WHAT YOU SHOULD DO
Print the records below exactly, and do not carry over any picture.

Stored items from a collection
• • • • •

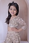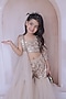 Featuring a light golden top for girls in net, crepe and cotton base with mirror embroidery. It is paired with embroidered net sharara pants and a dupatta. Style it with cute hair accessories and sandals for a birthday party celebration or festive occasion.
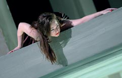 Кроме Тита и его верного стража Публио, никто больше в этом спектакле не надевал ничего старинного. Да и вообще костюмы «играли» только у коварной и амбициозной Вителлии, которая постоянно хотела соответствовать изменчивой ситуации и, чуть что, сбрасывала с себя неподходящее по цвету платье, оставаясь в роскошном неглиже. С фигурой у Доротеи Решманн все в порядке, а вот голоса могло быть и побольше.
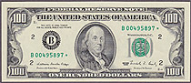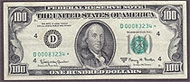 Here is a nice 1950D* $100 Chicago star note. The serial number is G00517413*. There are no rips, tear or pinholes. All 1950D* stars are very hard to ...
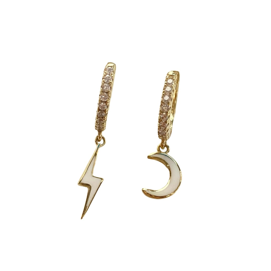 Adorn your lobe with our beautifully handcrafted pair of Celestial Lightning Bolt Moon Huggies. Features cubic zirconia paved hoops with a mismatch pair of enamel filled crescent moon and lightning bolt charms that will hug your lobes and sparkles with your every turn. For those with multiple piercings, looks great when mixed with other Noellery earrings to make your perfect everyday ear stack!
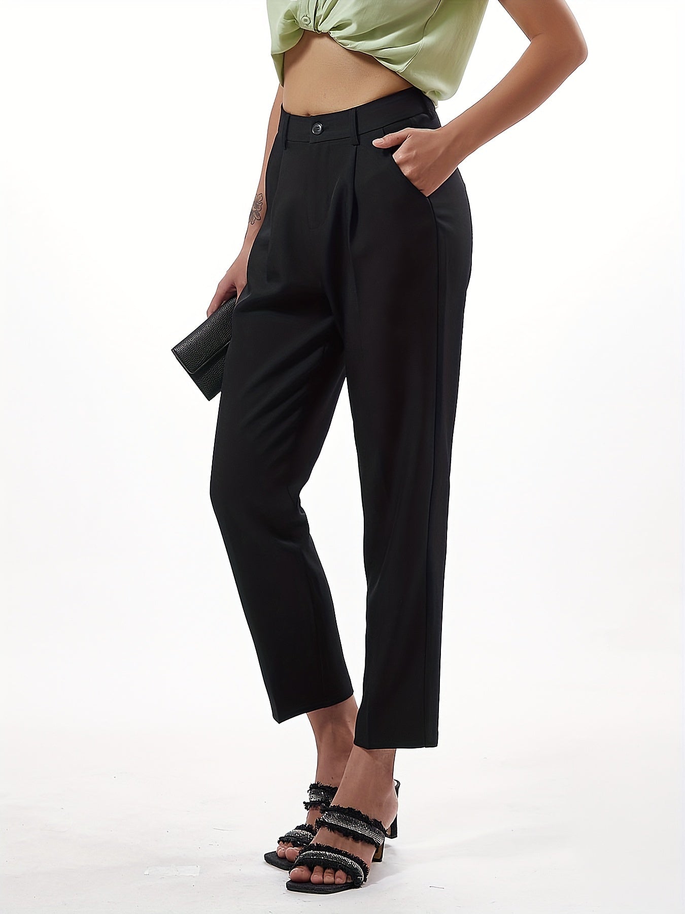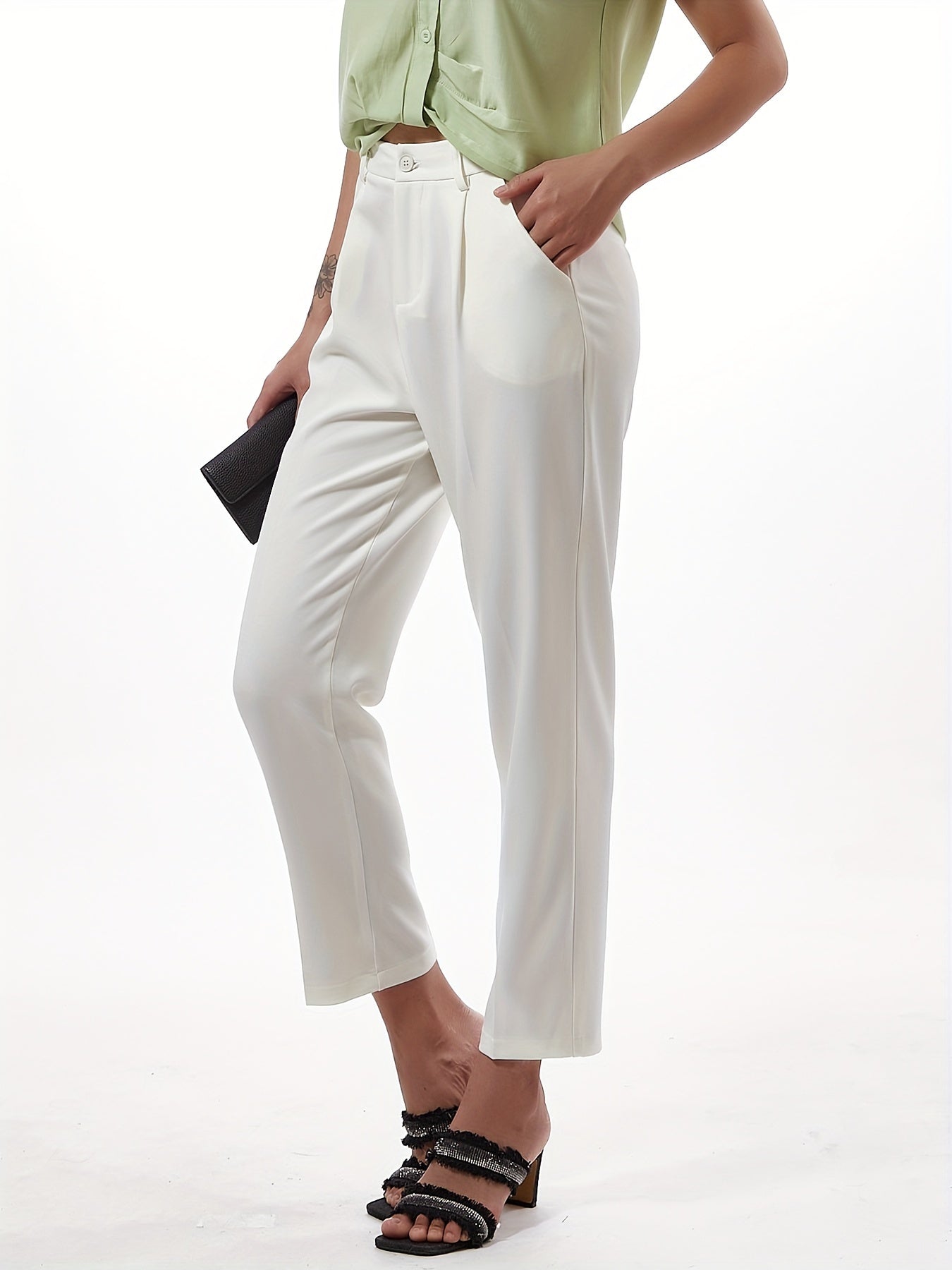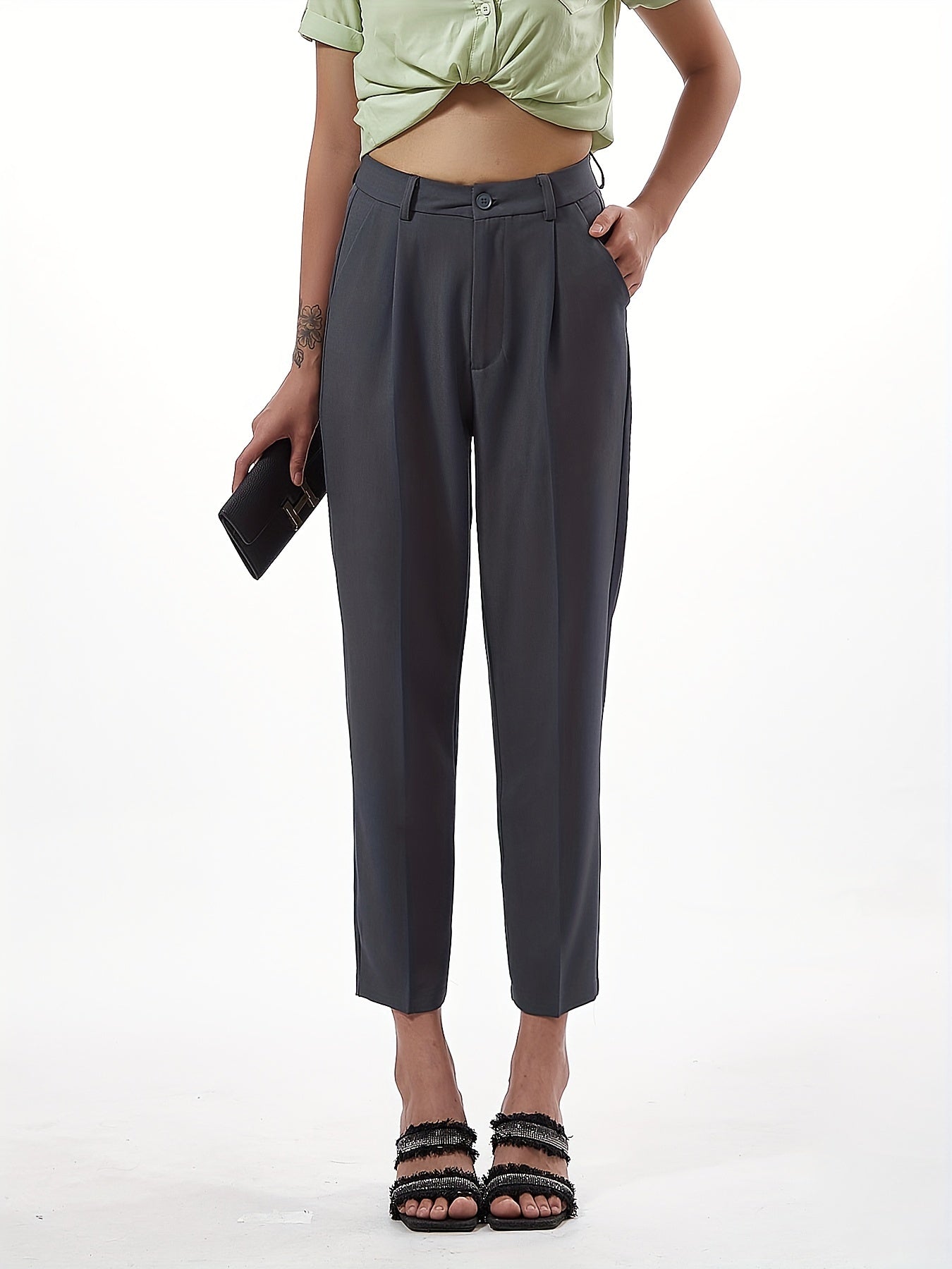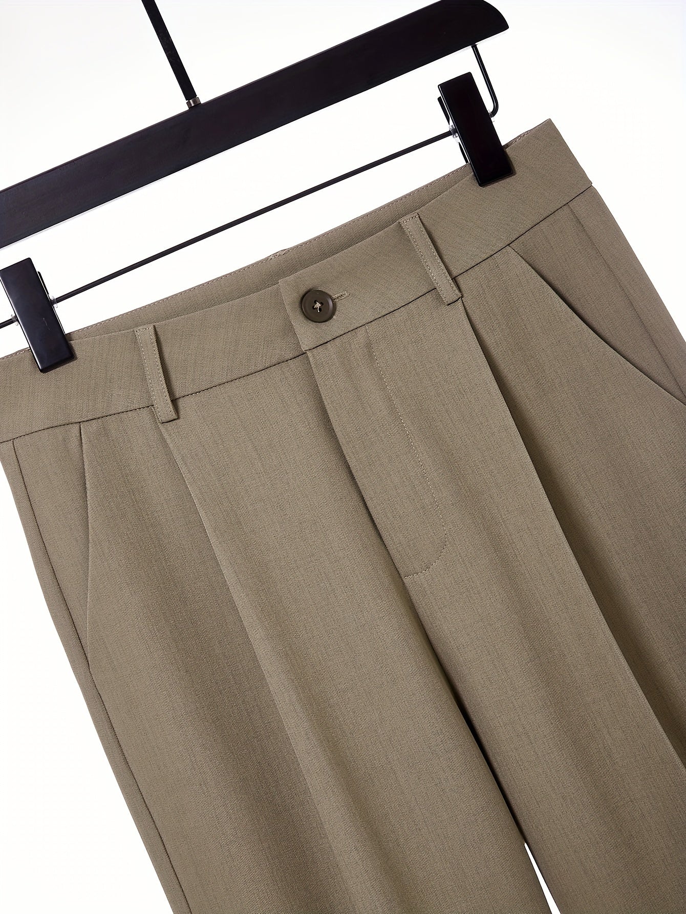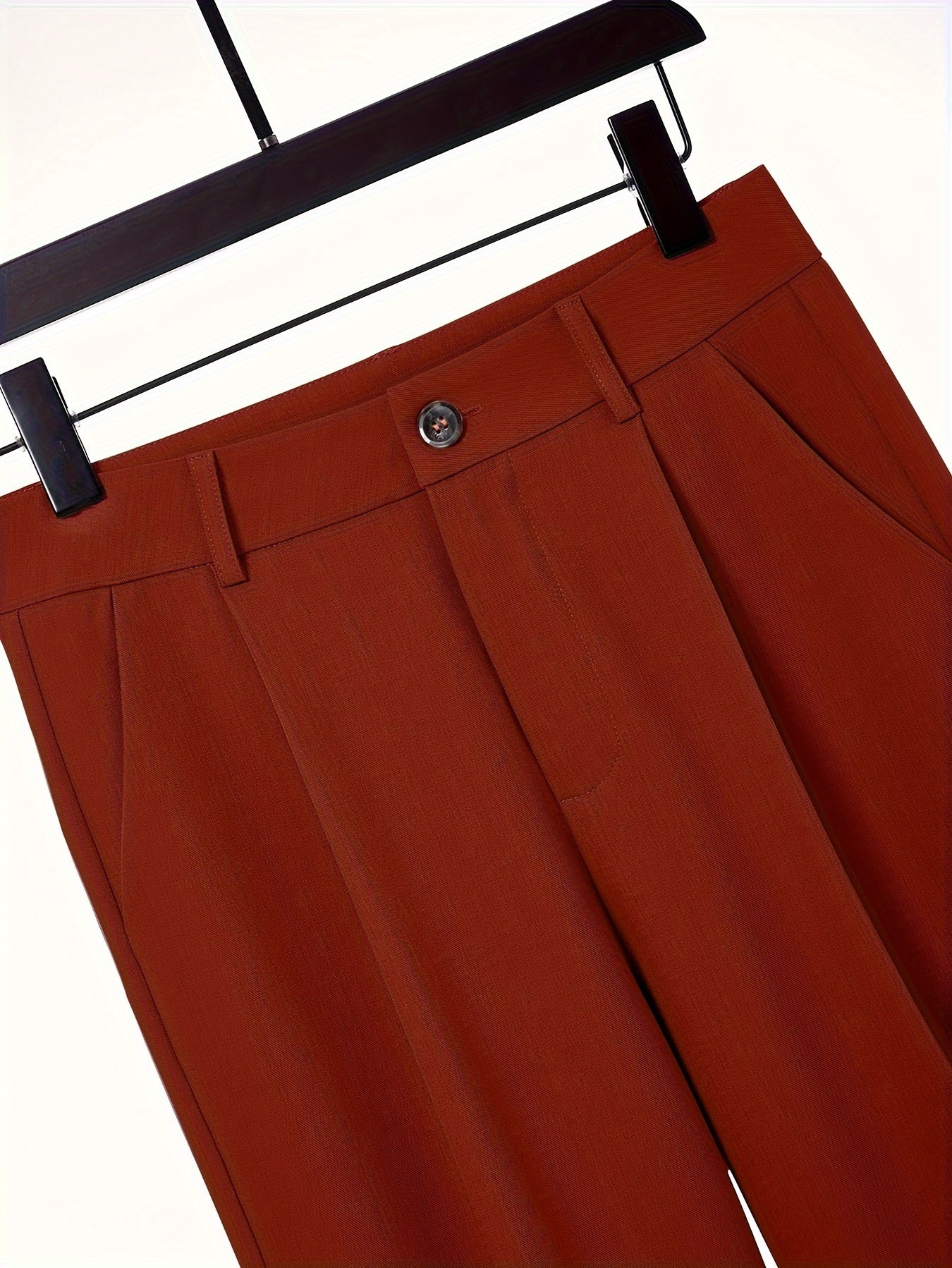 Կոշտ ծալքավոր ուղիղ շալվար, պատահական կտրված կոստյում գրպանով տաբատ, կանացի հագուստ

• • • • •

EXPECTED OUTPUT
 Featuring a light golden top for girls in net, crepe and cotton base with mirror embroidery. It is paired with embroidered net sharara pants and a dupatta. Style it with cute hair accessories and sandals for a birthday party celebration or festive occasion.
 Кроме Тита и его верного стража Публио, никто больше в этом спектакле не надевал ничего старинного. Да и вообще костюмы «играли» только у коварной и амбициозной Вителлии, которая постоянно хотела соответствовать изменчивой ситуации и, чуть что, сбрасывала с себя неподходящее по цвету платье, оставаясь в роскошном неглиже. С фигурой у Доротеи Решманн все в порядке, а вот голоса могло быть и побольше.
 Here is a nice 1950D* $100 Chicago star note. The serial number is G00517413*. There are no rips, tear or pinholes. All 1950D* stars are very hard to ...
 Adorn your lobe with our beautifully handcrafted pair of Celestial Lightning Bolt Moon Huggies. Features cubic zirconia paved hoops with a mismatch pair of enamel filled crescent moon and lightning bolt charms that will hug your lobes and sparkles with your every turn. For those with multiple piercings, looks great when mixed with other Noellery earrings to make your perfect everyday ear stack!
 Կոշտ ծալքավոր ուղիղ շալվար, պատահական կտրված կոստյում գրպանով տաբատ, կանացի հագուստ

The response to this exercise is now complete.